Followers of Christ have ALREADY placed all your judgment on Jesus: “Truly, truly, I say to you, whoever hears my word and believes him who sent me has eternal life. He does not come into judgment, but has passed from death to life” (John 5:24). Everyone say with me, “Already.” You can escape judgment by embracing Christ and His cross by faith today. And because of Jesus and His cross, Christ has purchased my pardon and invincibly secured me from hell and my destruction all by His blood.

One of the greatest queens in the history of Great Britain was Queen Elizabeth. She launched the ships which smashed the power of Spain and saved England from the papacy and the Spanish Inquisition. She reigned for forty-five years. Yet, when she passed away at the age of seventy, she reportedly said, “I would give all my possessions for a moment of time.” Yet, because of Jesus and His cross, I can say at the end of my days, my judgment is over for I have passed from death to life. I belong to Him – He is my Savior and He is my God.

1. The Hour Has Come

2. The Hour Has Consequences

3. The Hour of Clemency

Remember, all this talk of “the hour” was precipitated by some religious outsiders who had sought to talk with Him. “So these came to Philip … and asked him, ‘Sir, we wish to see Jesus’” (John 12:23). Now, He comes back full circle to let everyone know everything He’s said. All that Jesus has said is in order to tell us the meaning of His death: “He said this to show by what kind of death he was going to die” (John 12:33). Jesus came, lived, died, and rose for this purpose: “And I, when I am lifted up from the earth, will draw all people to myself” (John 12:32) “And I have other sheep that are not of this fold. I must bring them also, and they will listen to my voice” (John 10:16a).

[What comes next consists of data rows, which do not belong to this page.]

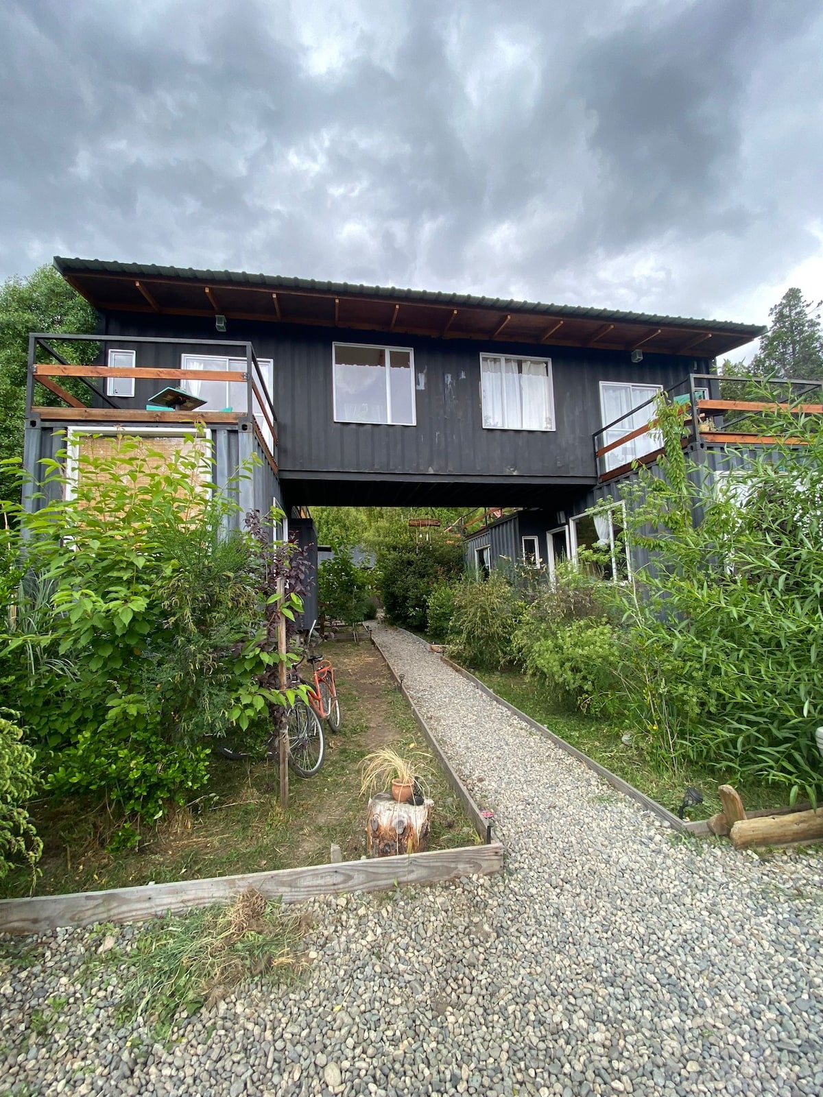 Casita reciclada de contenedor marítimo 5 cuadras de el centro y del súper cafés bares restaurantes y la feria artesanal. Sobre el pie de la montaña con un bosque nativo en el patio trasero desde donde se puede acceder al cerro amigo en un hike de 20 minutos . Las casitas están completamente equipadas y hay estacionamiento disponible en la entrada . El Barrio cuenta con un portón de segurigad y la calle es sin salida . Es muy tranquilo y a pasos del centro . ❤️🌳🌍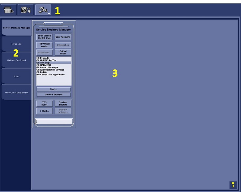 The System Management work area allows you to access the Service Desktop Manager, Error Log, Gating, fan and light control, iLINQ, System Preferences, e-Report, etc. You can perform planned maintenance and software performance tests, save raw data, change the system date and time, reorganize protocols, or connect to TiP Virtual Assist from these areas.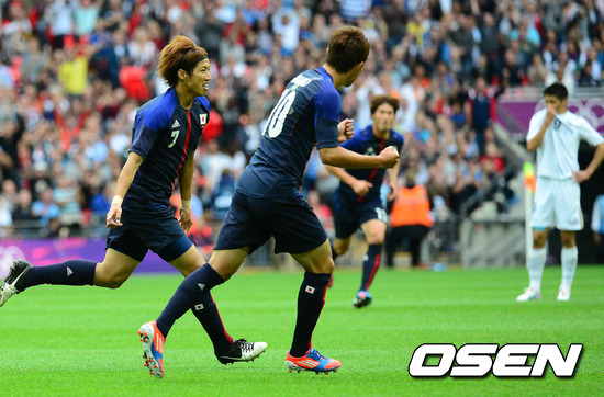 8일(한국시간) 새벽 영국 런던 웸블리 스타디움에서 열린 ‘2012런던올림픽 남자축구’ 일본과 멕시코의 준결승 전반 일본의 오쓰가 강력한 중거리 슛으로 선제골을 넣은 후 기뻐하고 있다.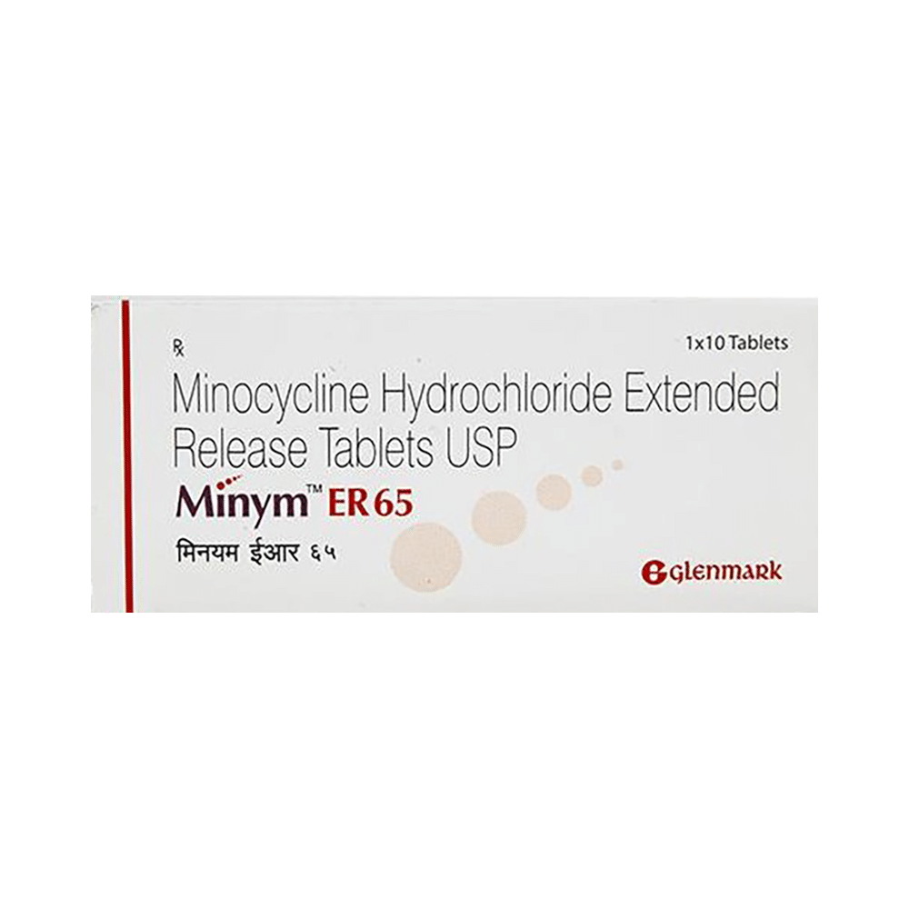 Minym Er 65mg Tab (Minocycline) is a tetracycline antibiotic used to treat various bacterial infections. It works by stopping bacterial growth. Common side effects include nausea, vomiting, and diarrhea. Serious side effects are rare but possible. Always follow your doctor's instructions carefully, and inform them about any pre-existing medical conditions or medications you are taking. Do not take minocycline if you are allergic to tetracyclines.

Life Conversation: Three Circles

God has a design for your life and every single area of your life. This includes our lives as singles and married and our children. But instead of following God’s design, we rebel against Him. And the Bible calls this sin. Whenever we break God’s design for our lives, we end up in a place of brokenness. And everyone can agree that being broken hurts. We start searching to escape the pain of our hurt. Brokenness is God’s designed way to tell us that something has to change. We know something has to change. The solution to our brokenness is the gospel. The gospel is how Jesus Christ takes mercy and anger together.

God’s anger is constantly against evil. And we’re told God invented the cross where Jesus died for our sins out of His anger because He hates sin. He has to pour His wrath and His opposition out on it. Yet, He wanted to do it in such a way that didn’t destroy sinners. How can he deal with the sin and channel His anger so it didn’t destroy us but destroys the evil and destroys the sin inside of us? On the cross. It was both His love and anger that gave Him the impulse to invent the cross and have Jesus die on the cross. His anger and his love both come together on the cross. There he’s able to save us and pour out his wrath on sinners at the same time without killing us. The change that has to take place is described by two words: repent and believe. The gospel gives us a new power to recover God’s design for our lives.